2-methylbutyryl-CoA dehydrogenase deficiency, also referred to as short/branched chain acyl-CoA dehydrogenase (SBCAD) deficiency, is a rare genetic disease in which insufficient levels of this enzyme result in impaired metabolism of L-isoleucine   . This autosomal recessive disorder is attributed to mutations in the SBCAD gene  . Overall, it is more predominant in the Hmong community in China , in whom there is a recurrence of a known SBCAD mutation . The prevalence of the disease is 1:250 to 1:500 in the Hmong population.
Affected individuals are diagnosed either due to increased C5-carnitine levels discovered during newborn screening   , or secondary to clinical features and 2-methylbutyrylglycinuria   . The majority of cases, whether of Hmong descent or not, remain asymptomatic  . However, those with manifestations present as neonates or young children with an onset characterized by poor feeding, lethargy, irritability, and emesis. Moreover, newborns may exhibit acute metabolic acidosis accompanied by seizures, weak muscle tone, vomiting, as well as delays in development and motor skills   .
2-methylbutyryl-CoA dehydrogenase deficiency does not confer the same impact on all patients. Most are asymptomatic, hence, complications are very rare.
Hypotonia  , inadequate growth, psychomotor difficulties, and possibly respiratory trouble are remarkable signs observed on the physical exam.

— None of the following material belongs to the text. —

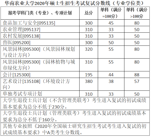 當(dāng)前位置: 分?jǐn)?shù)線 > 2020考研分?jǐn)?shù)線:華南農(nóng)業(yè)大學(xué)2020年碩士研究生招生復(fù)試分?jǐn)?shù)線

All babies and children suspected to have 2-methylbutyryl-CoA dehydrogenase deficiency, whether due to abnormal newborn screening or clinical manifestations, warrant a personal and family history, physical exam, and follow-up studies. In addition to plasma and urine tests, fibroblast cultures and genetic testing are also used to confirm the diagnosis.

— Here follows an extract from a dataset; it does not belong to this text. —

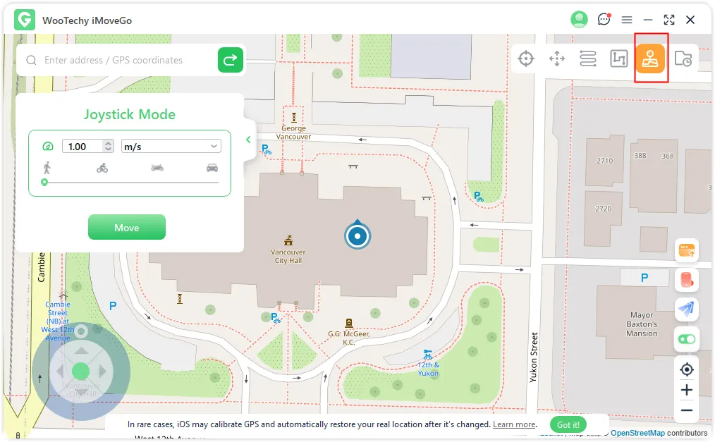 Now you have sucessfully teleported to your desired destination, and you can start your movement by selecting the first option – GPS Joystick. To control your movement, use your keyboard to move with ease or you can create a customized route by using 2-spot mode or multi-spot mode.

2-methylbutyryl-CoA dehydrogenase deficiency is one of the disorders tested for in routine newborn screening  , which is how most patients are identified. Specifically, this disease is associated with elevated plasma levels of C5-carnitine , which can be demonstrated through blood spot tandem mass spectrometry . Note that C5-carnitine may be normal in affected individuals. Another marker, 2-ethylhydracrylic acid, is sensitive for this disease .

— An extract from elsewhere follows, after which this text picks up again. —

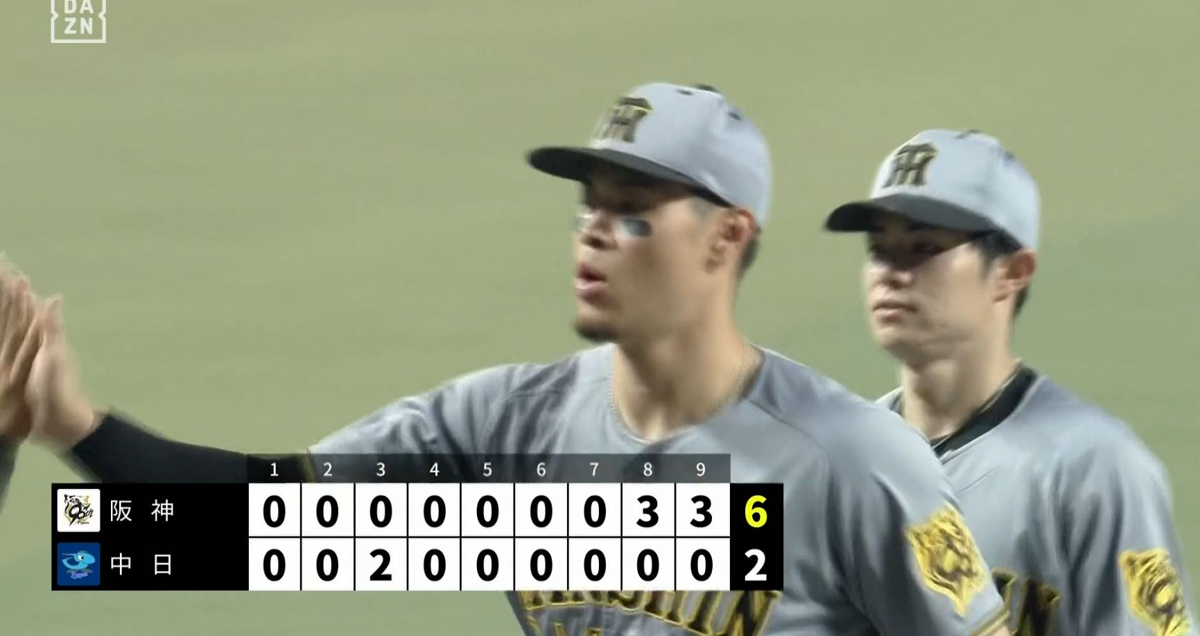 阪神が劇的な1発で中日に逆転勝ちし、優勝マジックを1つ減らして33とした。両リーグ最速で60勝に到達し、貯金も今季最多23とした。

In patients with abnormal C5-carnitine levels, a further assessment with urine organic acid analysis and urine acylglycine detection is required  . Consequently, a urine organic acid profile may reveal increased amounts of 2-methylbutyrylglycine and possibly 2-methylbutyrylcarnitine  .
Finally, fibroblast assays should reflect a profound reduction in 2-methylbutyryl-CoA activity in these patients  .
Molecular analysis for mutations in SBCAD genes is performed for diagnostic confirmation . Moreover, genetic counseling should be offered to parents with personal or family history.